Payne and Steakley (2015) do not find it necessary to set the priorities and support the idea of a primary nursing model of care as the possibility to improve team nursing, promote autonomy, and use various educative tools. Primary nursing is the model that replaced team nursing in the late 1970s (Finkelman, 2016). Nowadays, modern researchers want to prove the strengths of professionalism and knowledge in nursing and underline the weaknesses of communication and collaboration that are usually inherent to the work of nurses, who choose team nursing models. The discussions and debates on the effectiveness of nursing models occur regularly in many hospitals, and it is the responsibility of their leaders to evaluate patients’ needs and nurses’ abilities and to make the final decision.
Implementation and Recommendations
Taking into consideration the evaluation and the analysis of different models and the possibility to observe how one particular model, team nursing, could be implemented in the practice setting, it is possible to say that this model has its strengths and weaknesses. On the one hand, the team nursing model helps nurses investigate their needs, develop responsibilities, and collaborate in the most appropriate for their ways. On the other hand, team nursing does not presuppose the necessity of education and engagement. However, knowledge is a crucial aspect of any kind of work.
Therefore, one of the possible ways to improve the quality of nursing care and safety and increase the level of nurse satisfaction is to pay attention to another nursing care model. For example, our hospital may use the synergy model for patient care where nurses’ competence has to be matched with patients’ needs, characteristics, and clinical units (Finkelman, 2016). Nowadays, there are many patients with severe diseases when the critical care setting is required. Still, not all acute care is usually offered within the hospital setting. To provide patients with any kind of help at any place, nurses have to investigate their competencies and learn how to combine them in regards to the needs of their patients. As a rule, nurses have to think about the needs and expectations of their patients before providing them with care. In such cases, the offered synergy model may be effective.
Conclusion and Summary
In general, the recent experience helps to make several important conclusions about the quality of nursing care and the necessity to choose an appropriate nursing care model. The discussions developed by Finkelman help to recognize several models and approaches nurses could choose in their work. The evaluation of several scholarly articles proves that each model may have its pros and cons in particular practice settings. Still, each time nurses come to a hospital, they have to realize that it is not enough to work according to a model or to take care of patients only. Nursing is a complicated process, and knowledge, practice, and personal engagement should matter in any step taken and every decision made.
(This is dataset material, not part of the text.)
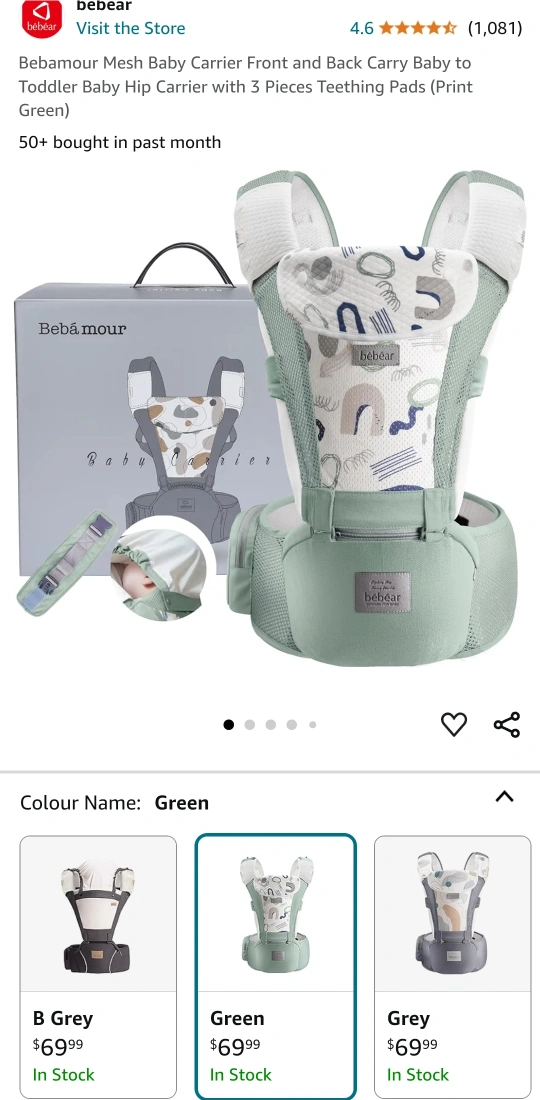 Bebamour Mesh Baby Carrier Front and Back Carry Baby to Toddler Baby Hip Carrier with 3 Pieces Teething Pads (Print Green) In excellent condition. Barely used. Pick up - Wellesley and Parliament
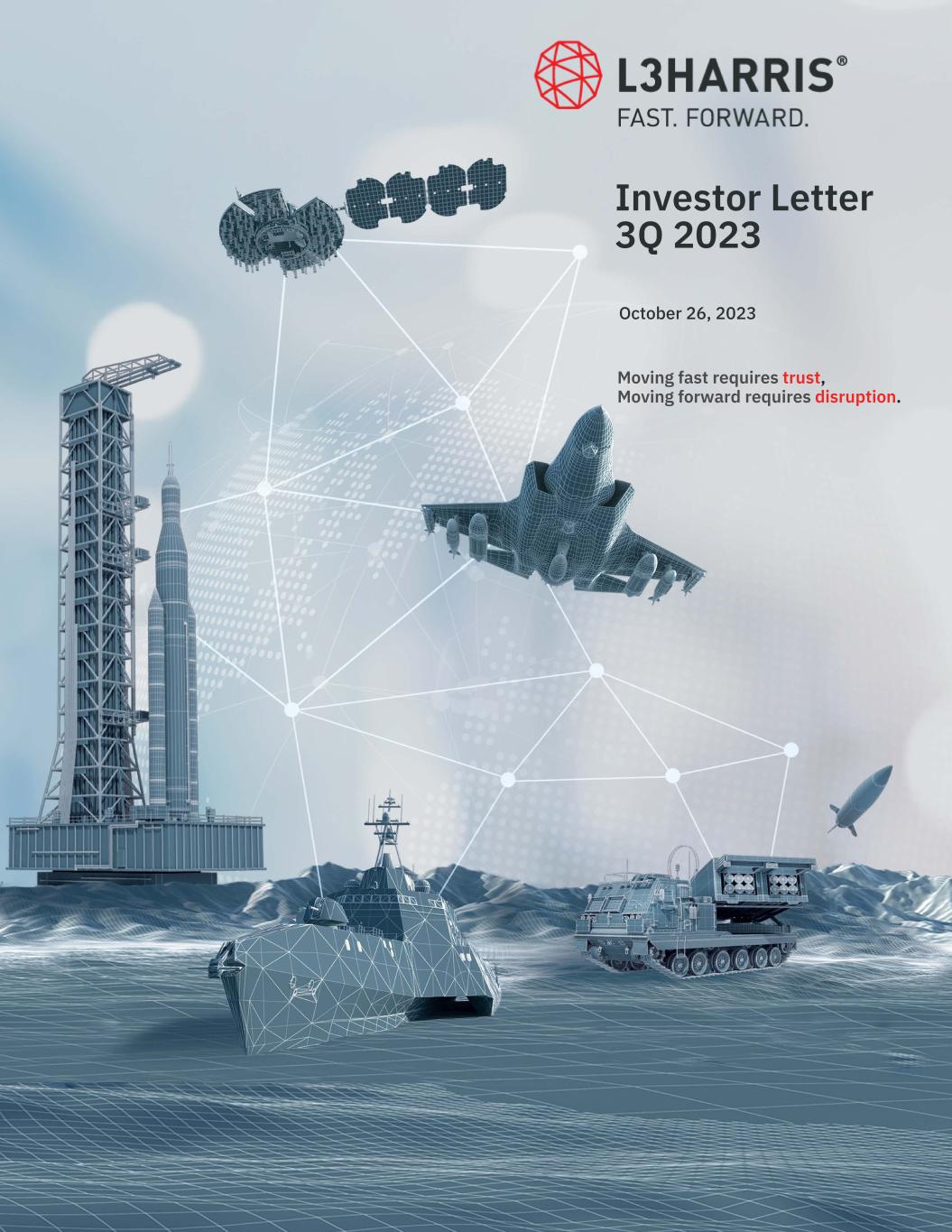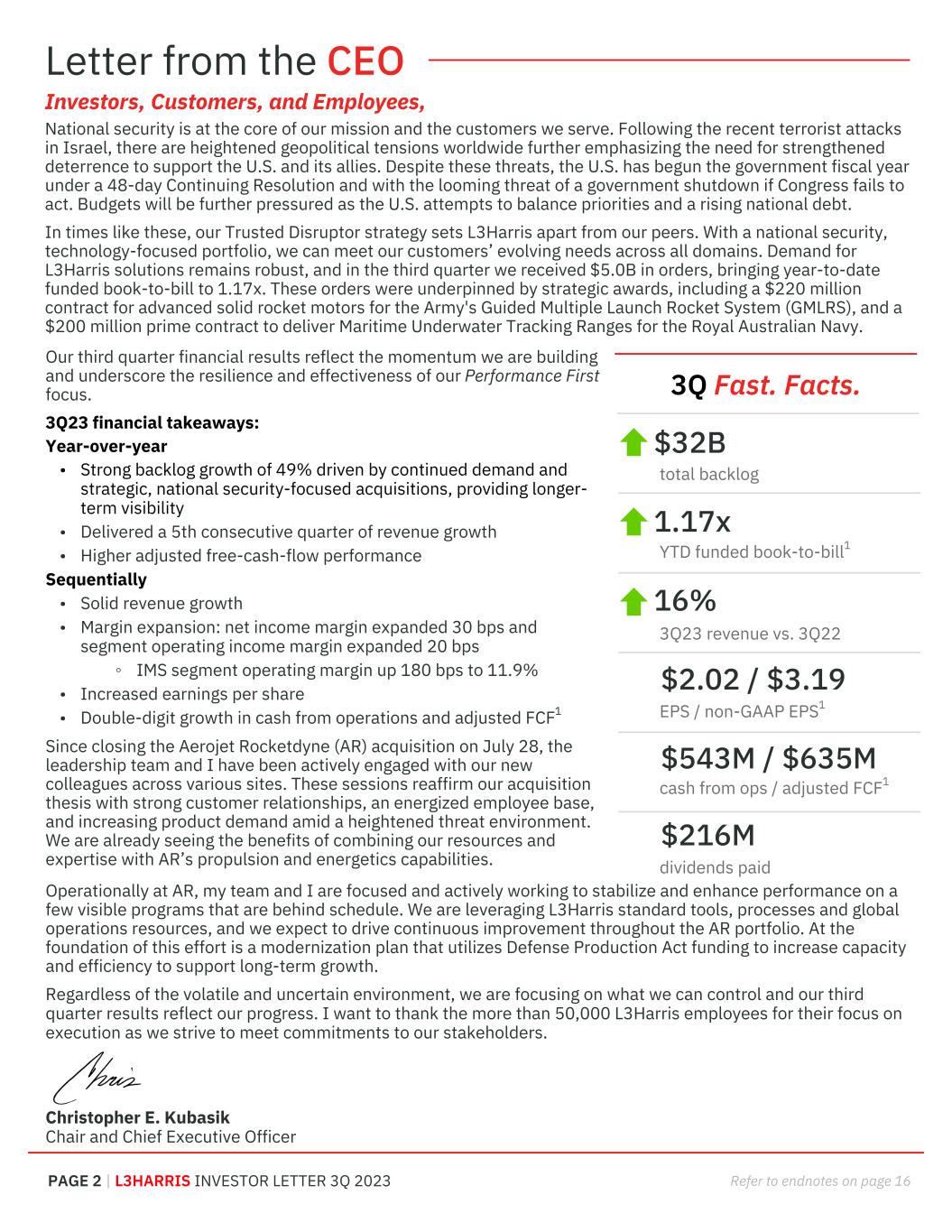 Letter from the CEO PAGE 2 | L3HARRIS INVESTOR LETTER 3Q 2023 Refer to endnotes on page 16 Operationally at AR, my team and I are focused and actively working to stabilize and enhance performance on a few visible programs that are behind schedule. We are leveraging L3Harris standard tools, processes and global operations resources, and we expect to drive continuous improvement throughout the AR portfolio. At the foundation of this effort is a modernization plan that utilizes Defense Production Act funding to increase capacity and efficiency to support long-term growth. Regardless of the volatile and uncertain environment, we are focusing on what we can control and our third quarter results reflect our progress. I want to thank the more than 50,000 L3Harris employees for their focus on execution as we strive to meet commitments to our stakeholders. Christopher E. Kubasik Chair and Chief Executive Officer 3Q Fast. Facts. 3Q23 revenue vs. 3Q22 YTD funded book-to-bill1 EPS / non-GAAP EPS1 cash from ops / adjusted FCF1 dividends paid $32B 16% $2.02 / $3.19 $543M / $635M $216M 1.17x total backlog Our third quarter financial results reflect the momentum we are building and underscore the resilience and effectiveness of our Performance First focus. 3Q23 financial takeaways: Year-over-year • Strong backlog growth of 49% driven by continued demand and strategic, national security-focused acquisitions, providing longer- term visibility • Delivered a 5th consecutive quarter of revenue growth • Higher adjusted free-cash-flow performance Sequentially • Solid revenue growth • Margin expansion: net income margin expanded 30 bps and segment operating income margin expanded 20 bps ◦ IMS segment operating margin up 180 bps to 11.9% • Increased earnings per share • Double-digit growth in cash from operations and adjusted FCF1 Since closing the Aerojet Rocketdyne (AR) acquisition on July 28, the leadership team and I have been actively engaged with our new colleagues across various sites. These sessions reaffirm our acquisition thesis with strong customer relationships, an energized employee base, and increasing product demand amid a heightened threat environment. We are already seeing the benefits of combining our resources and expertise with AR’s propulsion and energetics capabilities. Investors, Customers, and Employees, National security is at the core of our mission and the customers we serve. Following the recent terrorist attacks in Israel, there are heightened geopolitical tensions worldwide further emphasizing the need for strengthened deterrence to support the U.S. and its allies. Despite these threats, the U.S. has begun the government fiscal year under a 48-day Continuing Resolution and with the looming threat of a government shutdown if Congress fails to act. Budgets will be further pressured as the U.S. attempts to balance priorities and a rising national debt. In times like these, our Trusted Disruptor strategy sets L3Harris apart from our peers. With a national security, technology-focused portfolio, we can meet our customers’ evolving needs across all domains. Demand for L3Harris solutions remains robust, and in the third quarter we received $5.0B in orders, bringing year-to-date funded book-to-bill to 1.17x. These orders were underpinned by strategic awards, including a $220 million contract for advanced solid rocket motors for the Army's Guided Multiple Launch Rocket System (GMLRS), and a $200 million prime contract to deliver Maritime Underwater Tracking Ranges for the Royal Australian Navy.

Deravin, L., Francis, K., Nielsen, S., & Anderson, J. (2017). Nursing stress and satisfaction outcomes resulting from implementing a team nursing model of care in a rural setting. Journal of Hospital Administration, 6(1), 60-66.
Finkelman, A. (2016). Leadership and management for nurses: Core competencies for quality care (3rd ed.). Boston, MA: Pearson.
Malcolm, M., Shellman, J., Elwell, J., & Rees, C. (2017). GOT! Care: Preparing the emerging healthcare workforce for interprofessional collaborative practice: A pilot study. Health and Interprofessional Practice, 3(2), 2-12.
Payne, R., & Steakley, B. (2015). Establishing a primary nursing model of care. Nursing Management, 46(12), 11-13.
Zimbudzi, E. (2013). Discovering the untapped benefits of team nursing in an acute haemodialysis unit of a major teaching hospital. Journal of Nursing Education and Practice, 3(8), 149-153.